- The task: Please reproduce the lines from the one containing "This is a hand-knotted, one-of-a-kind" through the end of the data below exactly as they stand, and omit all pictures.

- Recorded information:

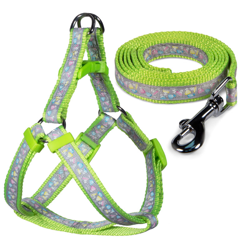 Комплект шлейка и поводок нейлоновый "Одуванчики" XS, салатовый, 12*260-370мм; 12*1200мм, Triol
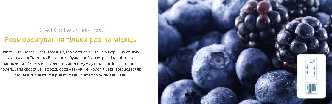 Технологія LessFrost це поліпшена конструкція випарника морозильної камери, яка дає змогу:
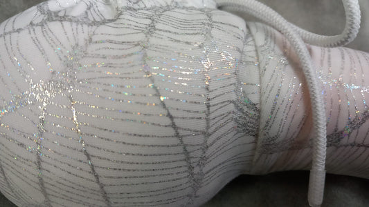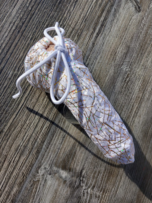 Penissocke Lümmeltüte Juwelensäckchen weißer Lycra Samt mit Hologramm Glitter Gold Glockenhalter Willyärmer
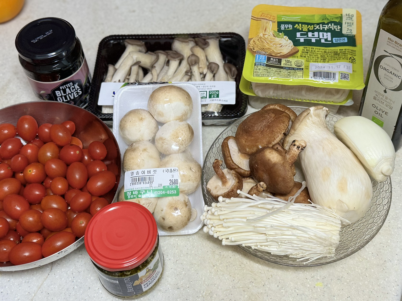 토마토, 양송이버섯, 느타리버섯, 팽이버섯, 표고버섯, 새송이버섯, 두부면, 올리브, 양파
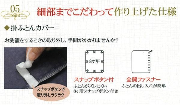 | 仕様 | 8ヶ所スナップボタン付 洗濯機使用可 |
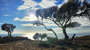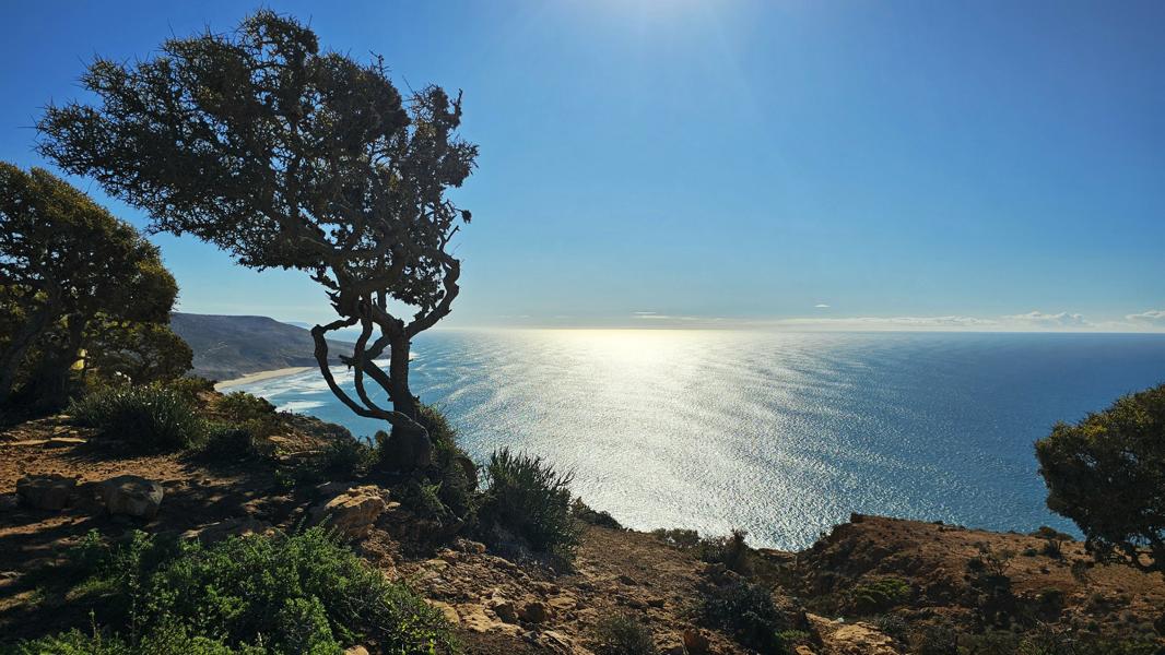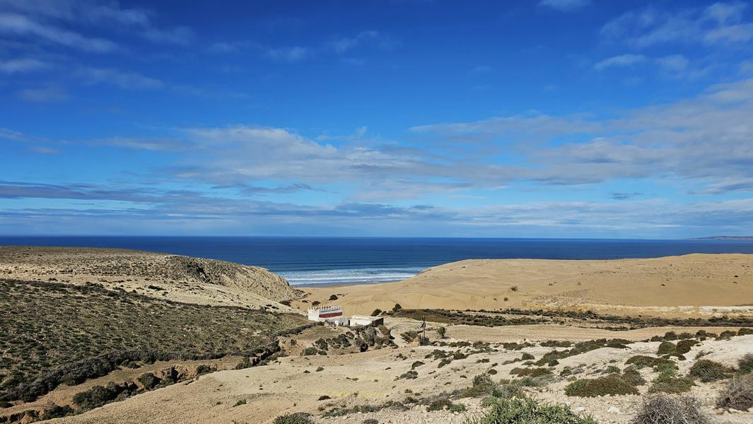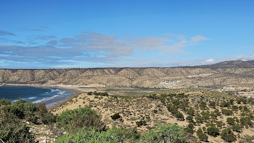 Was ist das für ein herrlicher Bummelmorgen! Ein paar Wolken, ein paar Windböen, vor mir zwei Akazien und das Meer,- blau! Die Sonne scheint Löcher durch die Wolken und ich stehe am Rande einer Piste vor Imsouane. Gen Norden dunklere Wolken. Ich bin in Rumbummellaune.Nix drängt, ich muß nirgendwo sein, einfach nur hier. Darf, kann meinen Träumen nachhängen oder eigentlich mehr, dem Träumen an sich.
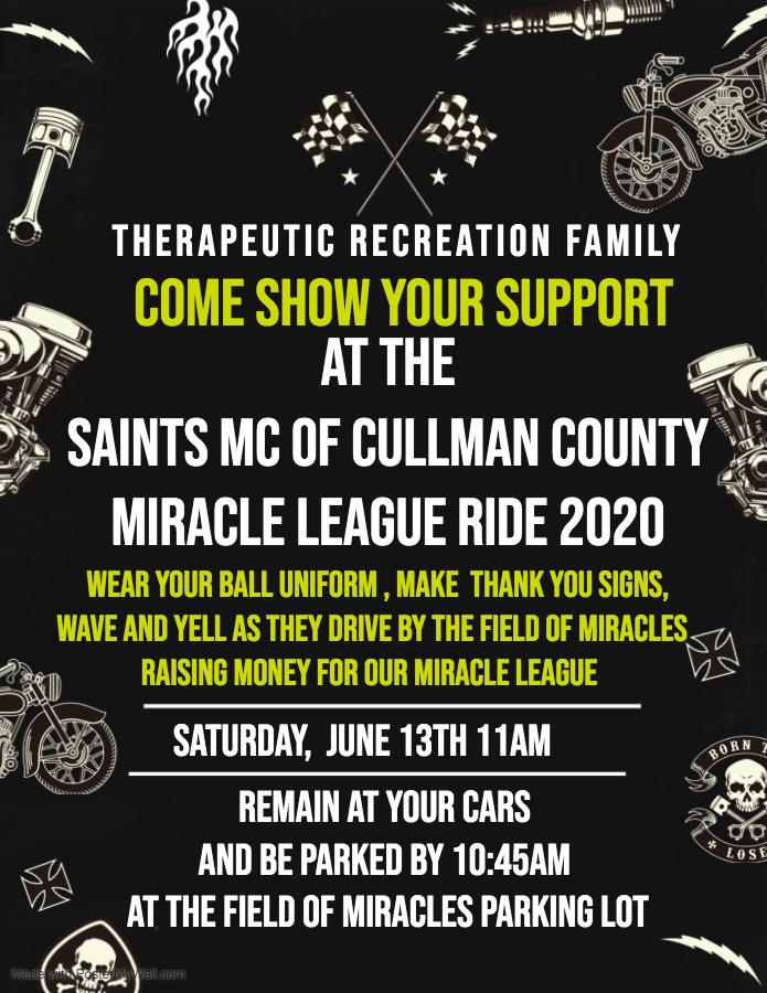 CULLMAN, Ala. – Cullman’s Miracle League for special needs athletes will get a visit at the Field of Miracles Saturday, June 13 from the Saints Motorcycle Club of Cullman County as the club takes a fundraising ride through the area. The club will leave from the Cullman Elks Lodge around 11 a.m. and will pass by the Field of Miracles before heading out of town.
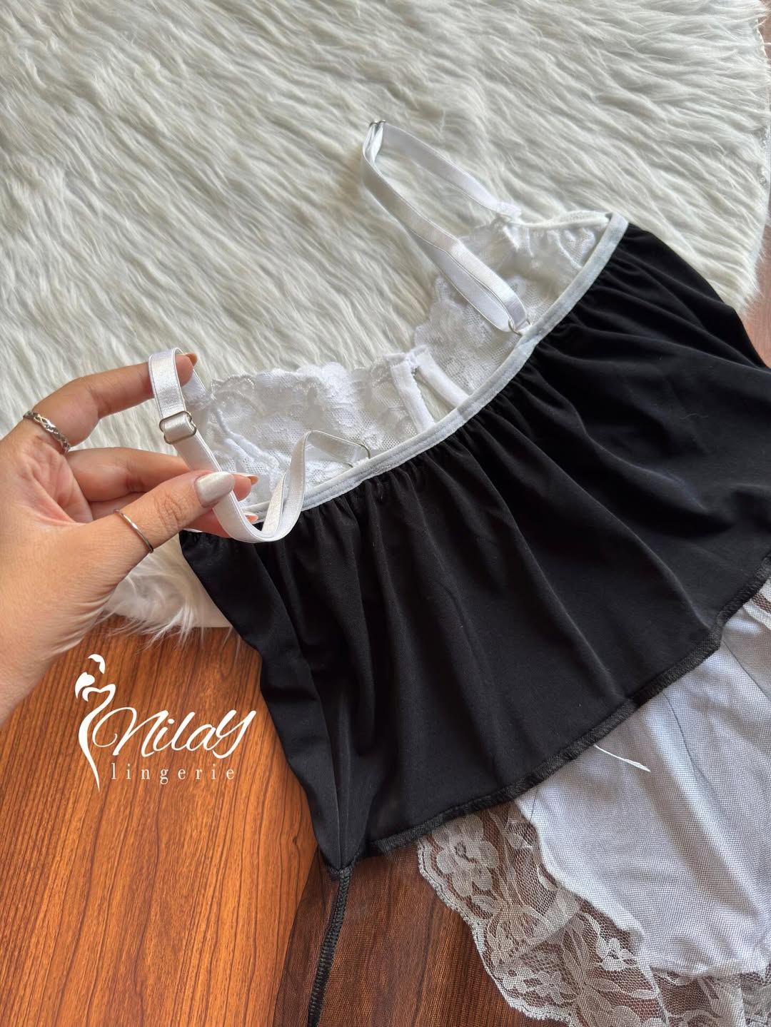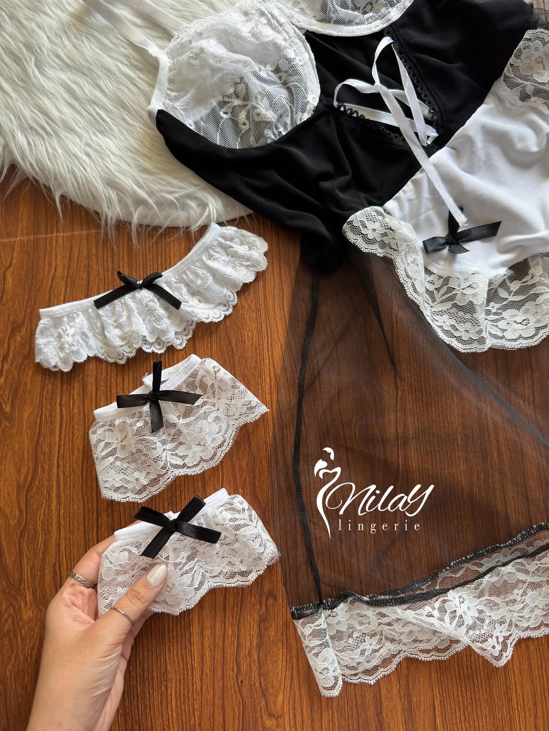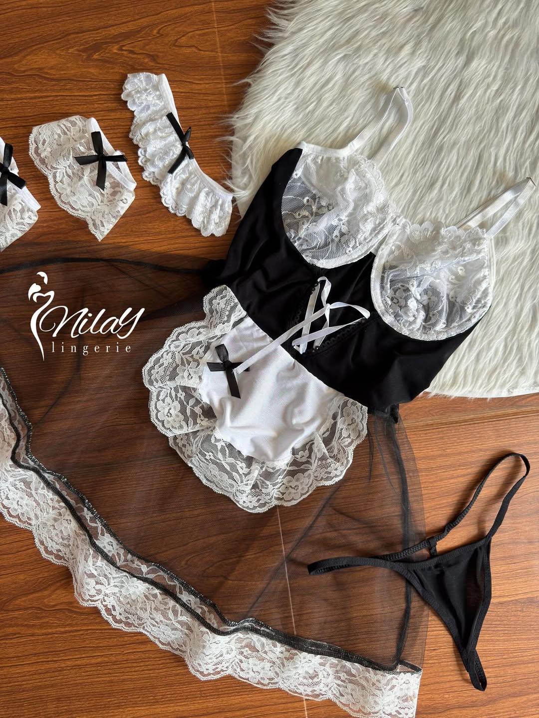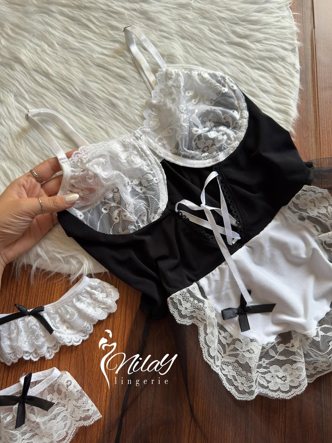 کاستوم خدمتکاری ( چهار تیکه ) کاپ فنردار ، بند قابل تنظیم تنخور جذاب کیفیت عالییی سایزبندی: لارج ، ایکس لارج مناسب از ۳۸ تا ۴۴ لارج ۳۸،۴۰ ایکس لارج ۴۲،۴۴
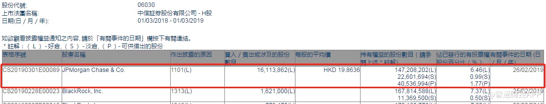 智通财经APP获悉,根据联交所资料显示,摩根大通于2月26日增持中信证券(06030)1611万股,每股作价19.8636港元,总值约3.20亿港元,最新持股数增至1.47亿股,最新持股比例增至6.46%。
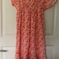Klänning med blommigt mönster. Klänningen har en omlottdesign upptill och resår i midjan. Ärmarna är korta och volangprydda. Kjoldelen har en volangkant nedtill.
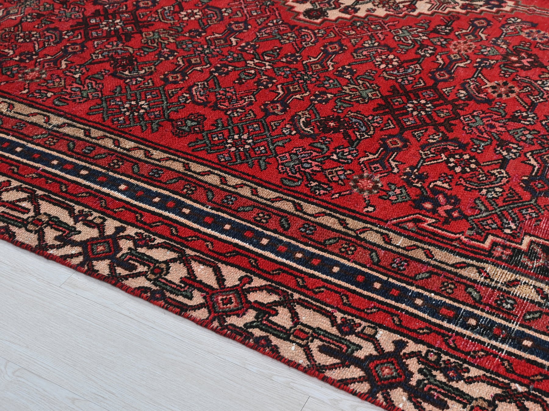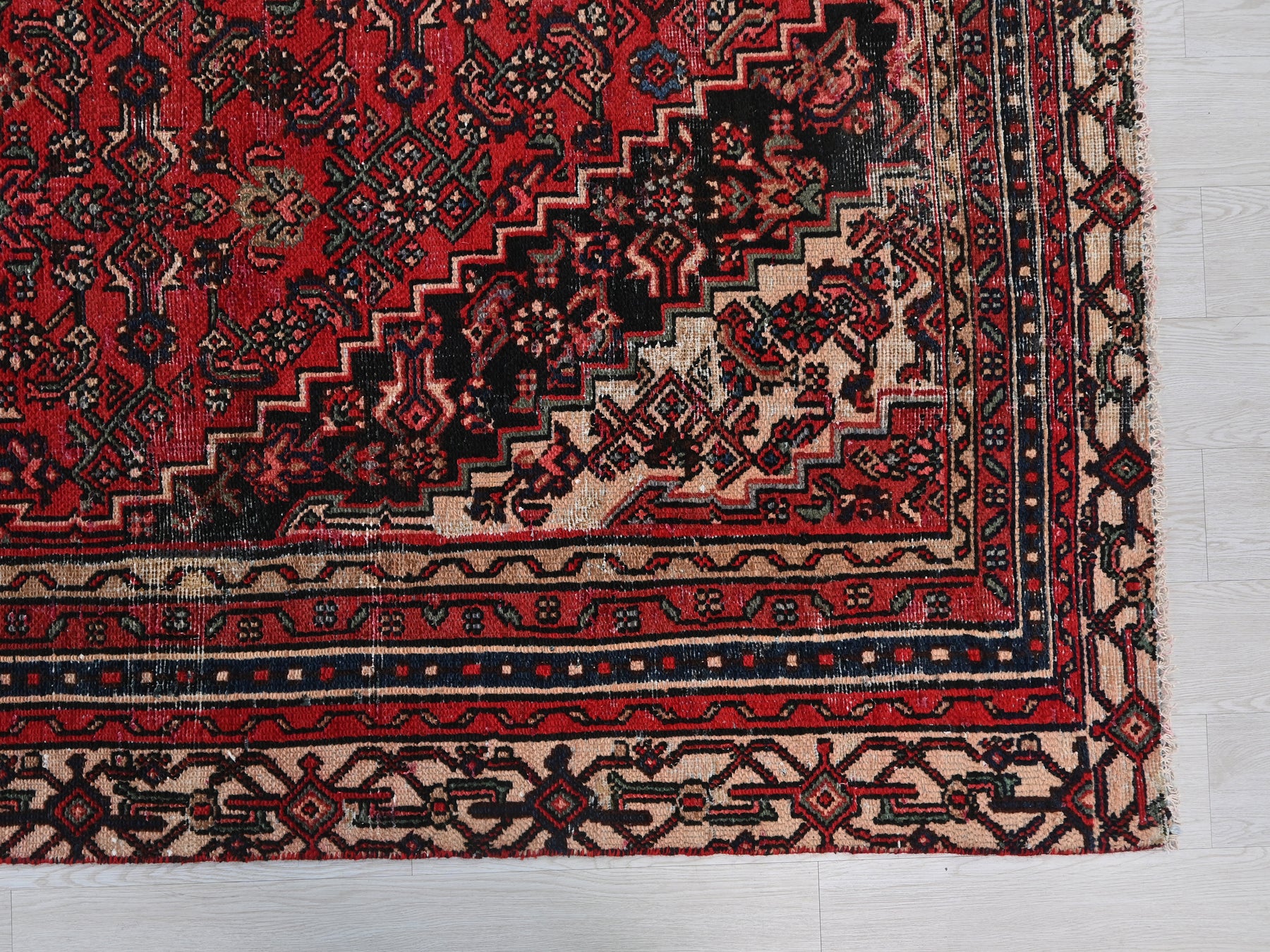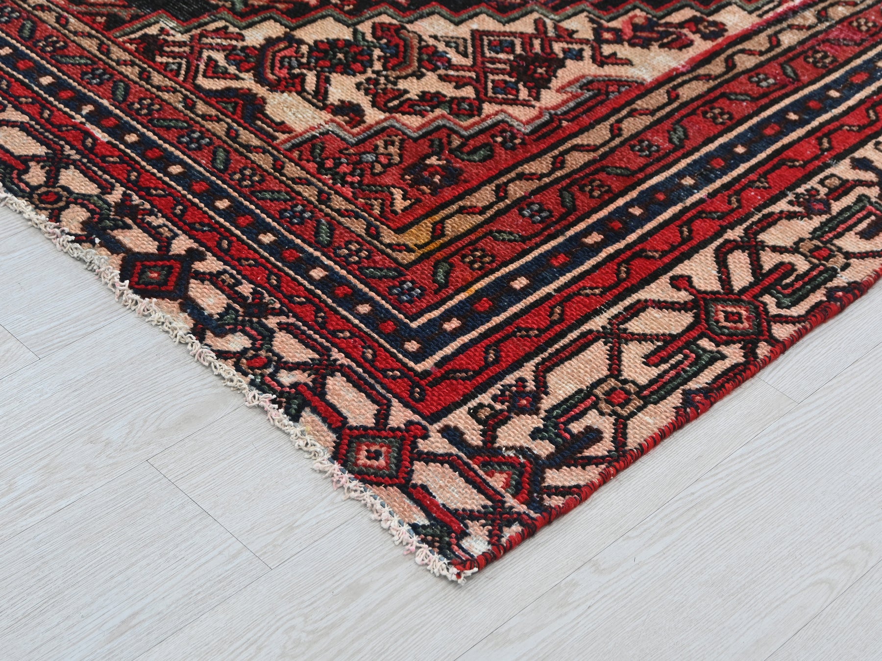 This is a hand-knotted, one-of-a-kind vintage rug. Due to the nature of this piece, there may be slight imperfections in its wear, shape, dimensions, and color. All of our rugs are professionally cleaned and repaired.
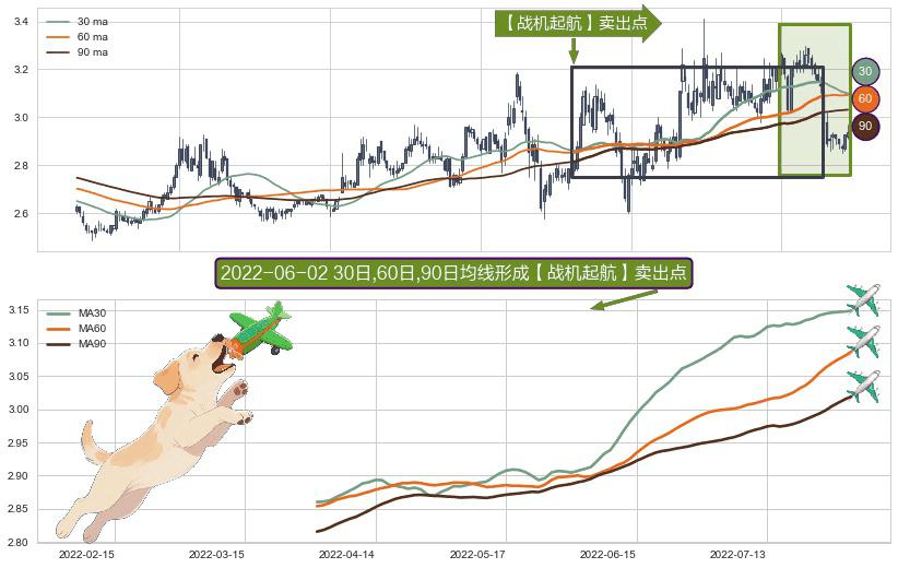 形态多维评估: ⚀ 2022-03-30日-2022-08-01日显现 30日-60日-90日均线 【战机起航】卖出点 看空信号,后市看跌,卖出
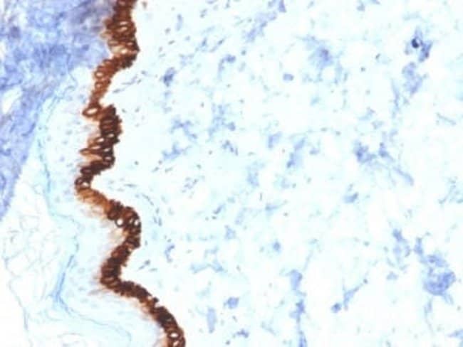 Cytokeratin 15 Monoclonal specifically detects Cytokeratin 15 in Human samples. It is validated for Flow Cytometry, Immunohistochemistry-Paraffin, Protein Array.

- Result of the task:
 This is a hand-knotted, one-of-a-kind vintage rug. Due to the nature of this piece, there may be slight imperfections in its wear, shape, dimensions, and color. All of our rugs are professionally cleaned and repaired.
 形态多维评估: ⚀ 2022-03-30日-2022-08-01日显现 30日-60日-90日均线 【战机起航】卖出点 看空信号,后市看跌,卖出
 Cytokeratin 15 Monoclonal specifically detects Cytokeratin 15 in Human samples. It is validated for Flow Cytometry, Immunohistochemistry-Paraffin, Protein Array.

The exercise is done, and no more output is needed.